The CamargueThe Camargue is a vast plain south of Arles in Western Provence, between the Mediterranean  and the two arms of the Rhône delta. It comprises large brine lagoons or étangs, cut off from the sea by sandbars and encircled by reed-covered marshes which are in turn surrounded by a large cultivated area. Approximately a third of the Camargue is either lakes or marshland. It is western Europe's largest river delta, and also indeed technically an island as it's wholly surrounded by water

The eastern arm of the Rhône delta is called the Grand Rhône; the western one is the Petit Rhône. A further expanse of marshy plain just to the west of the Petit Rhône is the Petite Camargue. There are few towns of any size in the Camargue. Its "capital" is Arles, located at the extreme north of the delta where the Rhône forks into its two principal branches. The only other towns of note are Saintes-Maries-de-la-Mer, about 45 km to the southwest, which is the site of the annual Roma pilgrimage for the veneration of Saint Sarah, and the medieval fortress-town of Aigues-Mortes on the far western edge, in the Petite Camargue. Tourism is a major source of income. Each year the Camargue is visited by over one million tourists who come to see the unique flora and fauna of the area - the famous Camargue horses, bulls, and birds - including the famous flamingos which provide a marketing brand of the Camargue National Park.

When to go

The climate of the Camargue can be harsh, ranging from scorching heat in summer, sometimes with 100% humidity, to desiccating cold whipped by icy winds from the Alps in winter. The area is also subject to the famous Mistral wind blowing from the north-north-west down the Rhône Valley. The best times to go are in spring and autumn when you can expect lots of sunshine and warm temperatures.

Transport

Fairly frequent buses run between Arles and Stes-Maries, where you can rent bikes. The other means of transport to consider is riding, and the Association Camarguaise de Tourisme Equestre in Saintes-Maries-de-la-Mer offers guided tours for all levels of horsemanship.

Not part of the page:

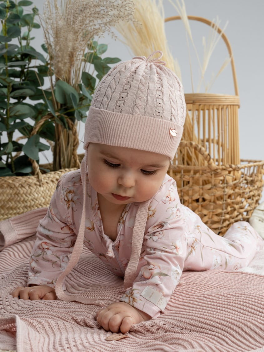 Czapka wyposażona jest w wiązanie pod szyją, co nie tylko dodaje uroku, ale także zapewnia pewne dopasowanie do głowy dziecka i zapobiega zsuwaniu się czapki. Ten praktyczny element sprawia, że czapka jest wygodna i stabilnie osadzona na główce dziecka.

For transport as an end in itself, there's the paddle steamer  Le Tiki III , which leaves for river trips from the mouth of the Petit Rhône, off the route d'Aigues-Mortes, 2.5km west of Stes-Maries (mid-March to mid-Nov), and the Soleil , which leaves from the port in Stes-Maries (April-Sept). There is also a Camargue Marina for yachts.

Be wary of taking your car or bike along the dykes : although maps and road signs show which routes are closed to vehicles and which are accessible only at low tide, they don't warn you about the road surface.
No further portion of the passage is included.